アヴァロンの箱庭
真理
それから数日は、イブと名乗る少女と真冬の奇妙な同棲生活が続いた。
 
イブの行動は自分で言っていた通り、まるで誰かに言いつけられたかのように規則正しく、律儀なものだった。

毎朝川の水を沸かして入浴をし、朝食のアップルパイを食べ、雪かきやらリンゴの収穫を昼までに済ます。

昼になると雪原に出てデッサンに没頭し、日が暮れる頃に帰ってきて夕食のアップルパイを食べ、そして幼い子供さながらに早めに眠ってしまう。
 
たまに激しい吹雪で外に出られない日があると、代わりにアトリエにこもって絵を描くこともあった。

その時は幾度となく真冬がモデルをさせられた。

基本的にイブはデッサンしかできないので、今までアトリエで絵を描く時のモデルがいなくて困っていたらしい。

「じゃあ、今まではアトリエで何を描いてたの?」
 


豪雪が吹き付けるある日。

アトリエの中央で椅子に座り、黙々と自分をデッサンしているイブに向かって真冬は尋ねた。

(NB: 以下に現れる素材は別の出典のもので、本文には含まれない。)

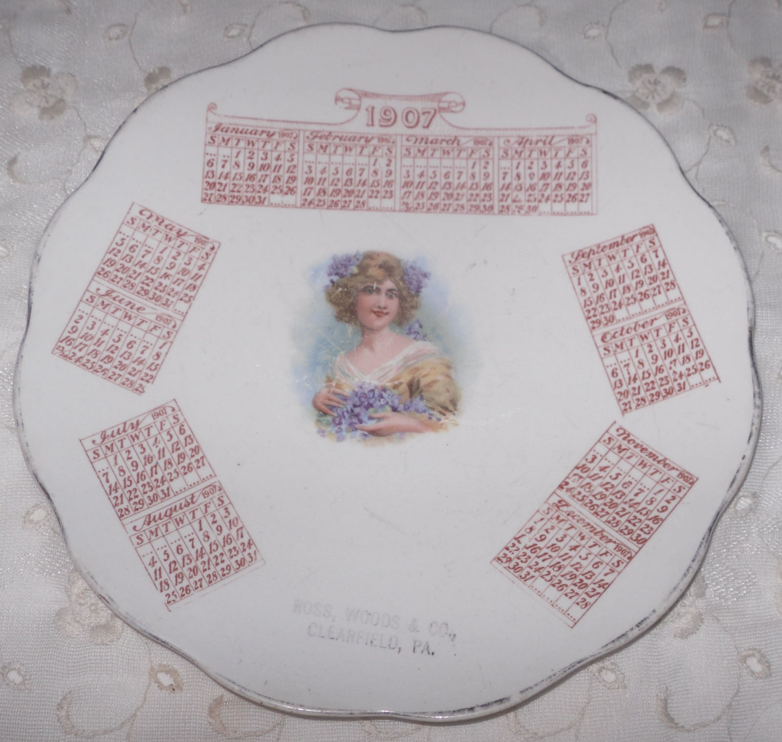 1907 Antique Victorian Girl w/Violets CALENDAR PLATE Ross Woods&Co Clearfield PA
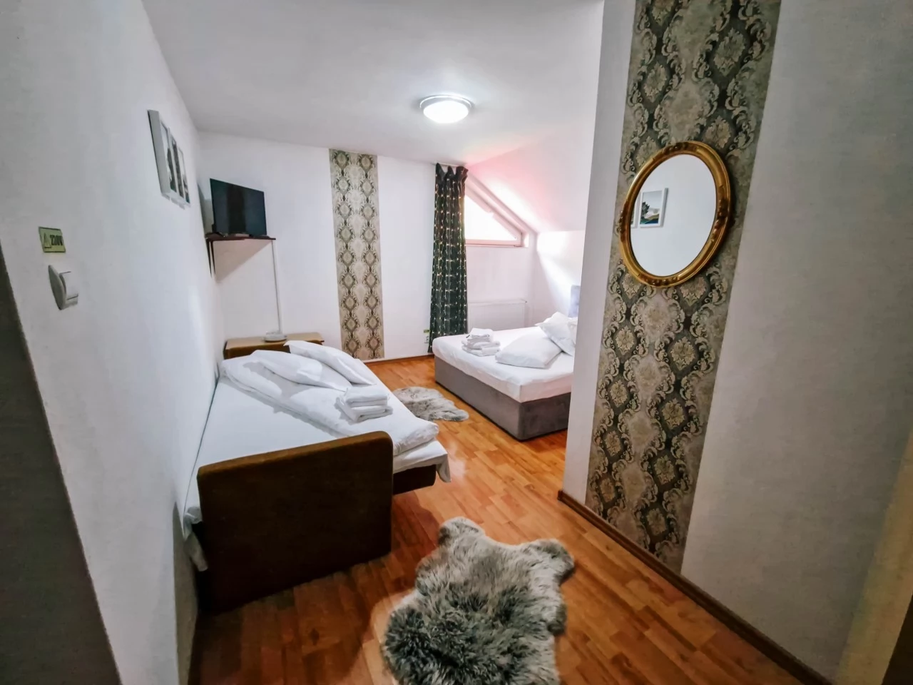- 2 háromágyas szoba: 1 franciaágy 1 egyszemélyes ágy

「今まで自分が描いた絵よ。他に家の中で描けるものってなかったから。それにね、何度も重ねて同じ人の絵を描けば、よりその人は死なずに済むようになるんじゃないかって。そんな気がして」

「だったら、ここで僕の絵を描いていることは無意味じゃないかい? 僕は氷漬けになんてなってないんだから」

「ううん、これは単純に私の趣味。だって、ついつい絵にしちゃいたいくらい真冬って綺麗なんだもん!」

「ぼ、僕は綺麗なんかじゃないよ……この世界や、イブに比べれば、全然」

「いーの! 私がそうしたいと思ってるんだから!」
 


そしてまた黙々とカンバスに向かうイブを見て、真冬はやれやれとため息をつくのだった。